Augmentation Pipeline (Python example)
import albumentations as A
import cv2
augmentation_pipeline = A.Compose([
A.Perspective(scale=(0.05, 0.1), p=0.6),
A.RandomBrightnessContrast(p=0.7),
A.GaussianBlur(blur_limit=(3, 7), p=0.4),
A.GaussNoise(var_limit=(10, 30), p=0.3),
A.Rotate(limit=10, p=0.5),
A.RandomCrop(width=700, height=700, p=0.2),
])
# Usage example:
image = cv2.imread('original_image.png')
augmented = augmentation_pipeline(image=image)['image']

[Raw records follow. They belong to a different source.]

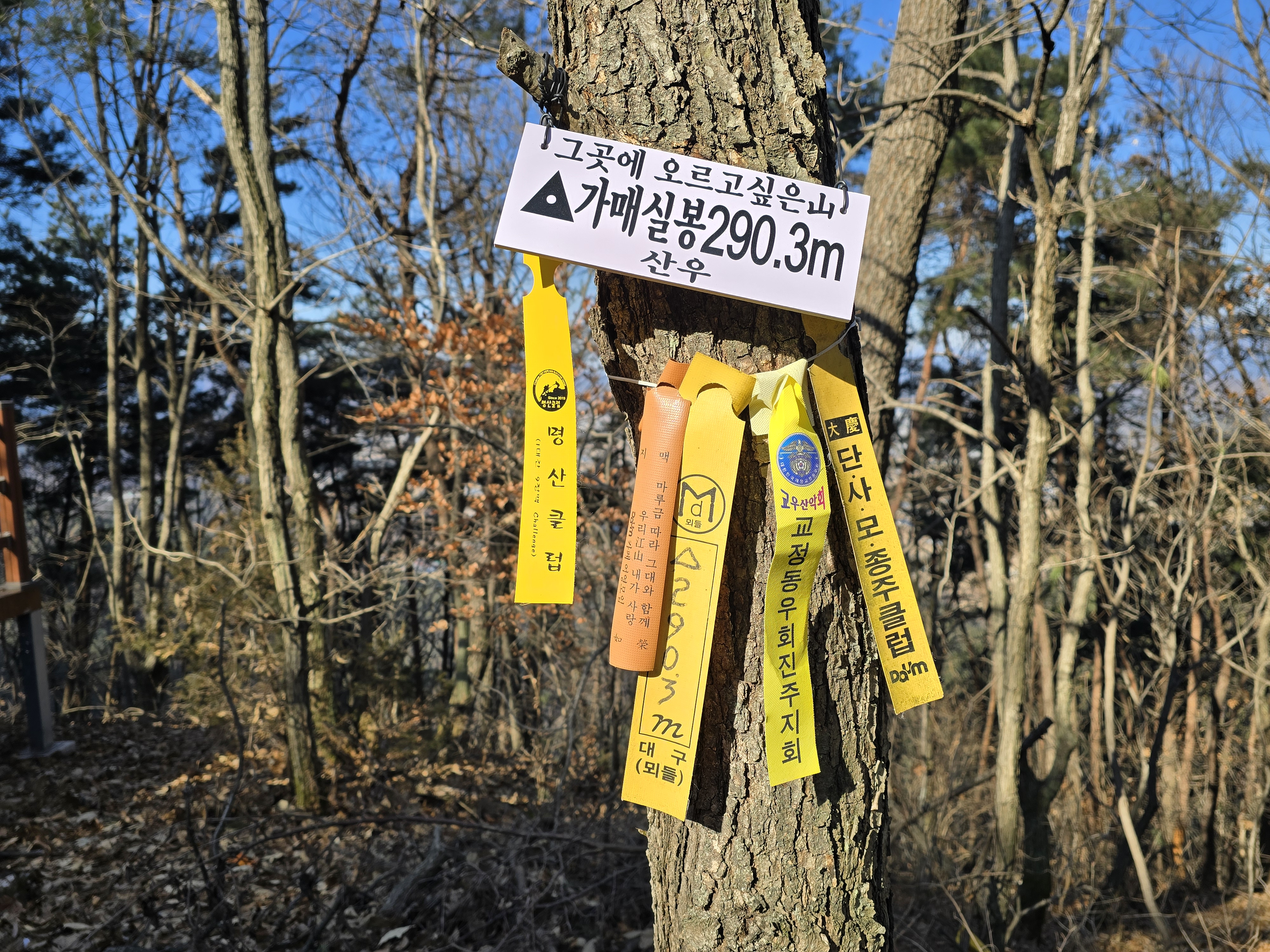 다시 삼각점과 덱 쉼터가 있는 가매실봉(290.3m)을 넘어간다.
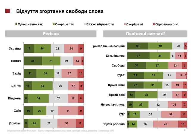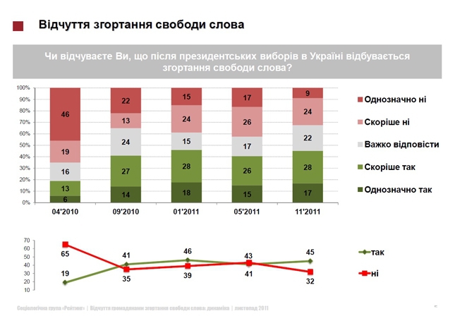 - у листопаді 2011 року фіксується найгірший за останні два роки показник: лише 32% не відчувають згортання свободи слова, з них категорично впевнені у цьому лише 9%. Таким чином після тимчасового покращення показників на початку 2011 року наприкінці року показники знову погіршилися. Варто нагадати, що у квітні 2010 не відчували згортання свободи слова дві третини громадян, сьогодні – вдвічі менше;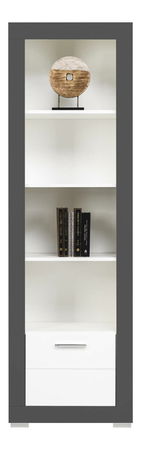 Tvarově i barevně čistý nábytek z modelové řady Gray dává místnosti eleganci. Je možné ho kombinovat s pestrými barvami stěn a sedací soupravy. Sektor obsahuje množství prvků, díky kterým si poskládáte sestavu podle svých potřeb a představ. Bílá matná barva je vhodně doplněna o grafitovou barvu. Elegantní podlouhlé úchyty doplňují celkový moderní design nábytku. Do vitrín je možné si přiobjednat efektní LED osvětlení modré barvy, které zvýrazní předměty umístěny ve vitrínách a zároveň po západu slunce navodí příjemnou a uklidňující atmosféru v místnosti.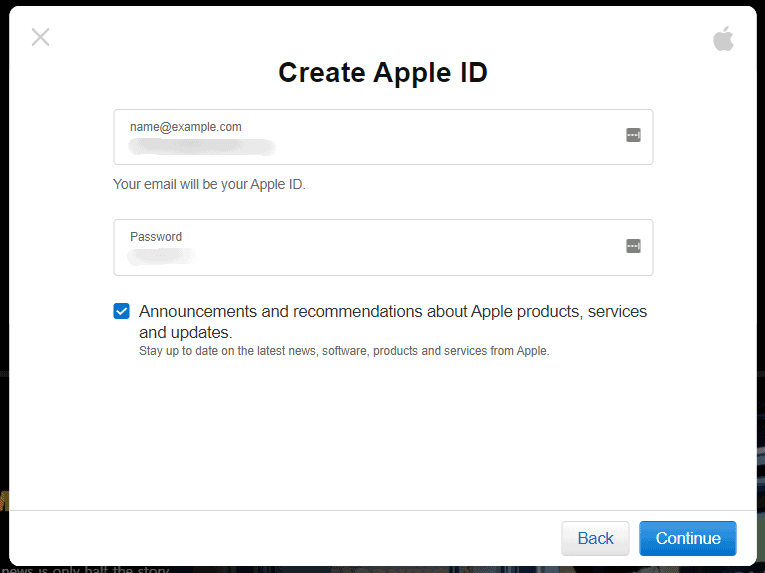 Finally, fill in your email address and a password you wish to set for your Apple ID. Remember, the email address you type in here will also be your Apple ID. Hit the “Continue” button after filling in the details.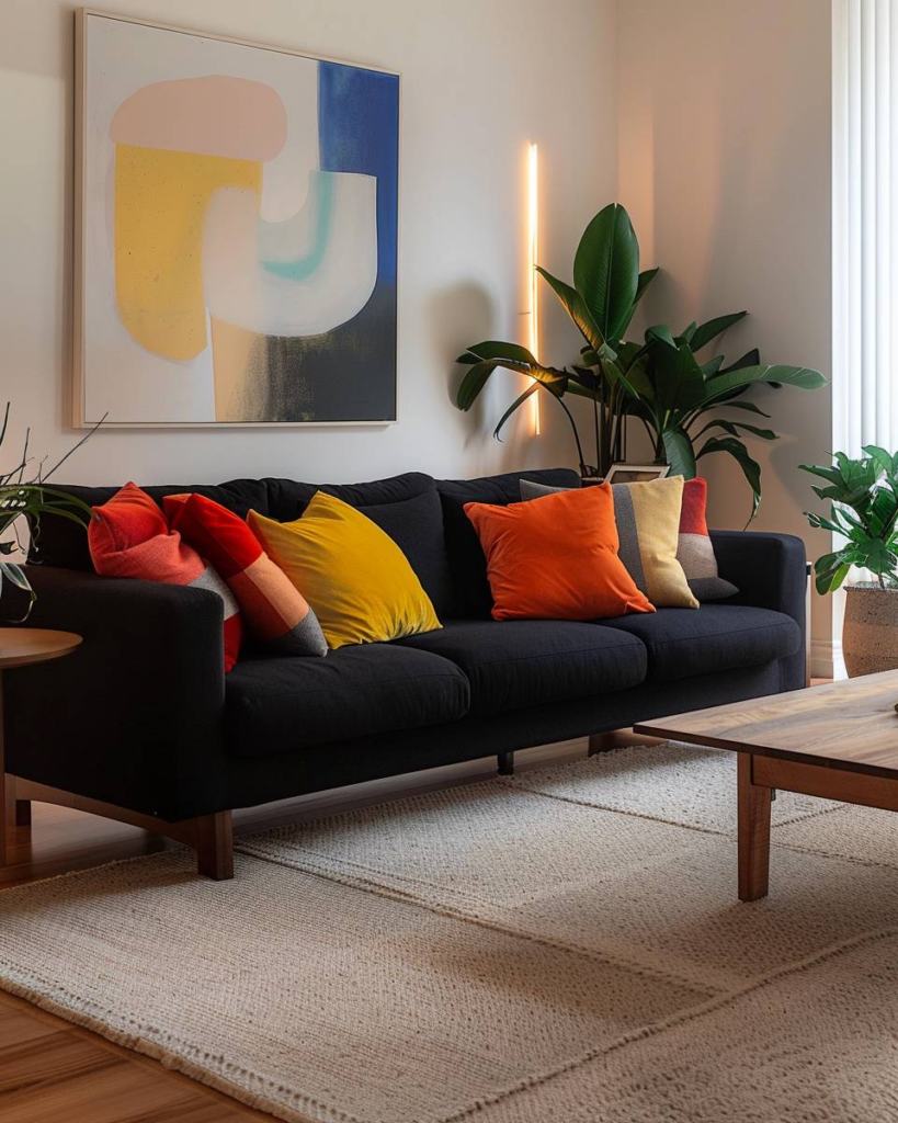 Ein schwarzes Sofa ist im Wohnzimmer ein starker Blickfang, aber du willst es stilvoll gestalten und einrichten.

cv2.imwrite('augmented_image.png', augmented)
Roles and Responsibilities
Our Role | Augmentation’s Role |
---|---|
Capture and label original Chess.com images | Generate realistic image variations |
Set augmentation parameters | Automatically simulate quality variations |
Periodically validate augmented images | Efficiently create diverse training examples |
Next Steps
- Collect our initial images based on the above table (total 1000).
- Set up the augmentation pipeline using Albumentations.
- Train the YOLO model and export it to CoreML for integration into our iOS application.
- Continuously validate the model’s performance and improve based on user feedback.